[Required action]
Lower down are entries containing pictures. Copy exactly, without those pictures, the lines from the line with "Volvo FH16, Volvo" through the line with "意味不明あだ名 | 『自称ゆうやさん』『永久保存ゆうやさん』 |".

[Entries supplied]
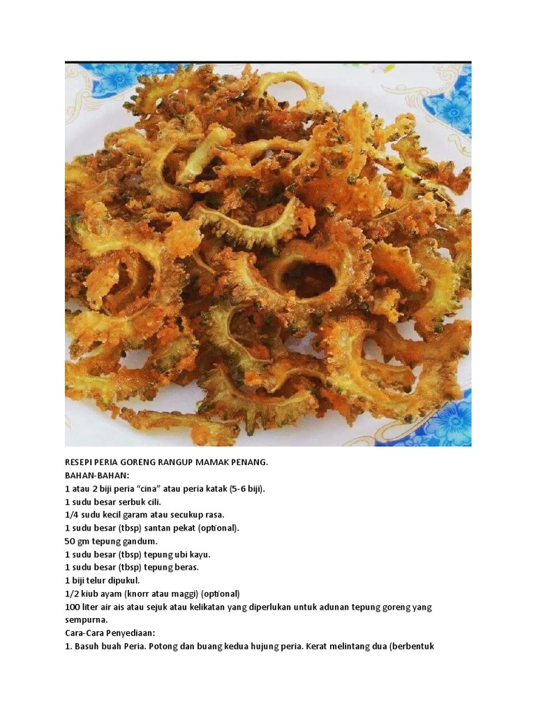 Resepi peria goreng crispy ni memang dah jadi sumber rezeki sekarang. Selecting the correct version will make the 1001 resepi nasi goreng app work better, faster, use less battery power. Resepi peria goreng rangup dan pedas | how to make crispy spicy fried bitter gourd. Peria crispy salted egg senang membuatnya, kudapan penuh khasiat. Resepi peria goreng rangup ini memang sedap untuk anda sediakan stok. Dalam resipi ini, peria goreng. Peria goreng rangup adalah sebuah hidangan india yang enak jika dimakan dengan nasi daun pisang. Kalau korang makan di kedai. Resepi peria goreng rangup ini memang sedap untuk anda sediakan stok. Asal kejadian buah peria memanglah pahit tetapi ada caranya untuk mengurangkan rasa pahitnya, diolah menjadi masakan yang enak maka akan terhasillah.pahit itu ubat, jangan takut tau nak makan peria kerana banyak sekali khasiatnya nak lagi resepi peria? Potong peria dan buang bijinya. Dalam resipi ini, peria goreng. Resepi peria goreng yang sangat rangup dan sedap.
--
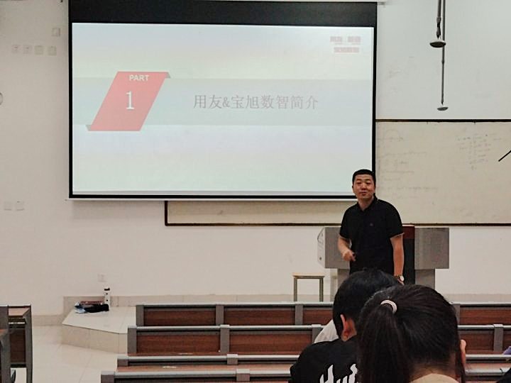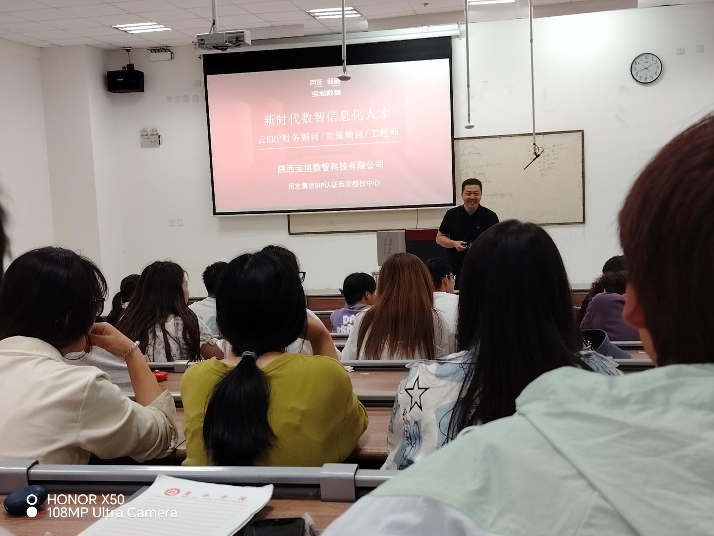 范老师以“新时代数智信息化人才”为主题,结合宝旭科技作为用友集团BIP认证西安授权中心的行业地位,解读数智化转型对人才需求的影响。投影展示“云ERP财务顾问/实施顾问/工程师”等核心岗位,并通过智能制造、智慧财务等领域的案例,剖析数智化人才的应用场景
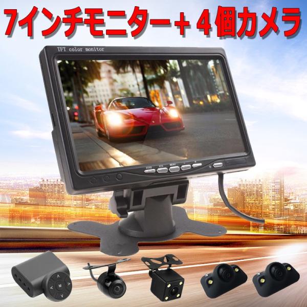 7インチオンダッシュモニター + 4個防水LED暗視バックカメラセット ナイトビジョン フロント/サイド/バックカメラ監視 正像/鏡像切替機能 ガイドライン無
* * *
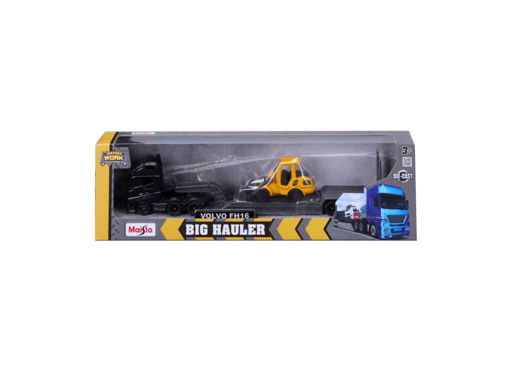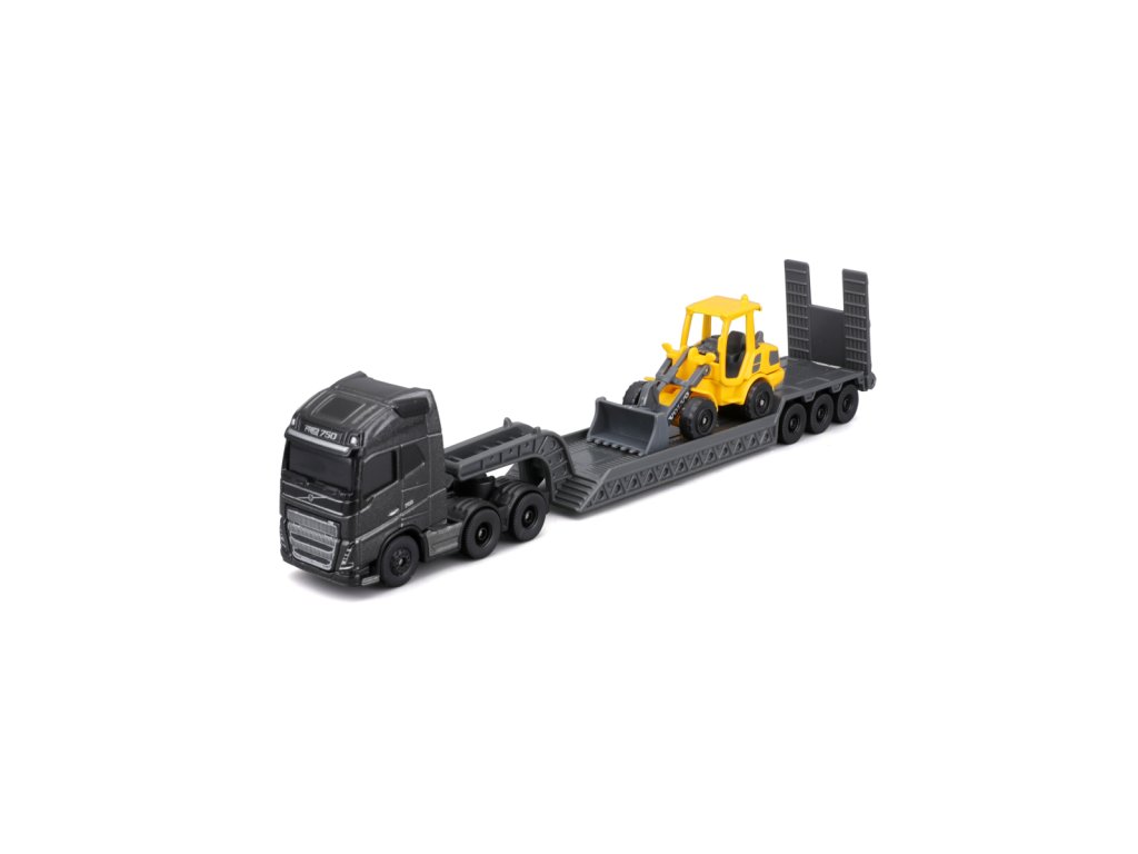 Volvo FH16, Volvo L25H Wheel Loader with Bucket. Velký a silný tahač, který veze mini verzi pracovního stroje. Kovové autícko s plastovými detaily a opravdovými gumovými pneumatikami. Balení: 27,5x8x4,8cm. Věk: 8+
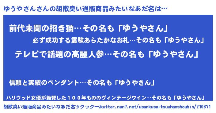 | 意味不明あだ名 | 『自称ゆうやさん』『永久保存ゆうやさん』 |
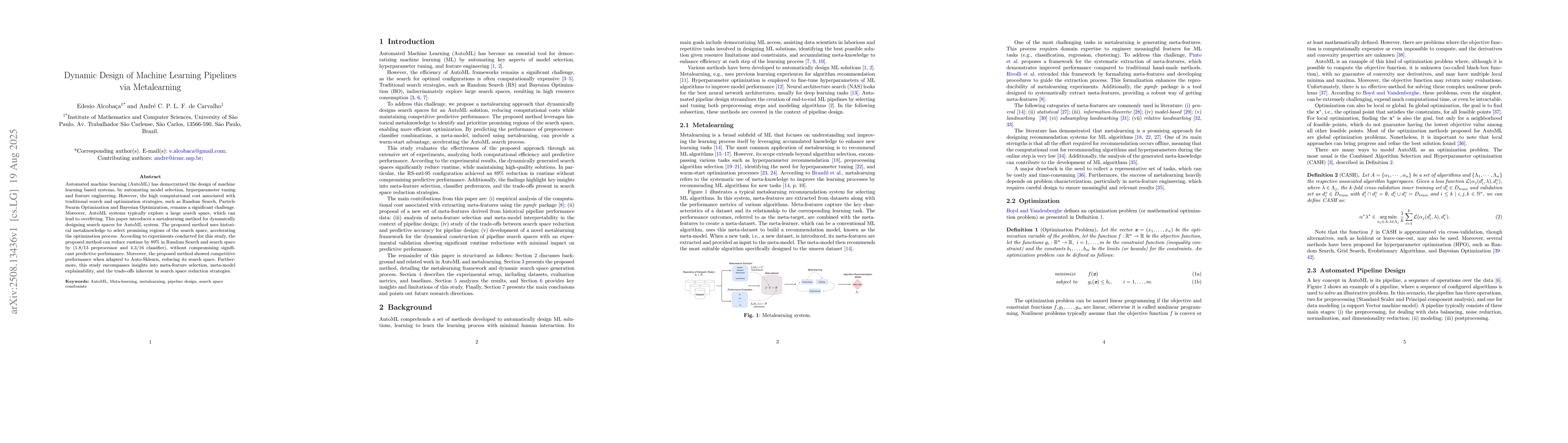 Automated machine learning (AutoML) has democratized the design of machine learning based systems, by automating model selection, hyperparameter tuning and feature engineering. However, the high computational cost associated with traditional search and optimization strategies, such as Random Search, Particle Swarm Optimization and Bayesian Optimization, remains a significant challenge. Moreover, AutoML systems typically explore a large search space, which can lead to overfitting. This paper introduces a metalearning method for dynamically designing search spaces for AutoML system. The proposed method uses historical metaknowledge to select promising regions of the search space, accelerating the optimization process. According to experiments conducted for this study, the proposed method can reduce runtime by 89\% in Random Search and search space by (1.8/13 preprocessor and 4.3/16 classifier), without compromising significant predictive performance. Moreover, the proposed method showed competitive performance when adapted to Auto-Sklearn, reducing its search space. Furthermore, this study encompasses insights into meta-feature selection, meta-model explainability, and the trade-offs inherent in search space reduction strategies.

[Answer to this exercise]
 Volvo FH16, Volvo L25H Wheel Loader with Bucket. Velký a silný tahač, který veze mini verzi pracovního stroje. Kovové autícko s plastovými detaily a opravdovými gumovými pneumatikami. Balení: 27,5x8x4,8cm. Věk: 8+
 | 意味不明あだ名 | 『自称ゆうやさん』『永久保存ゆうやさん』 |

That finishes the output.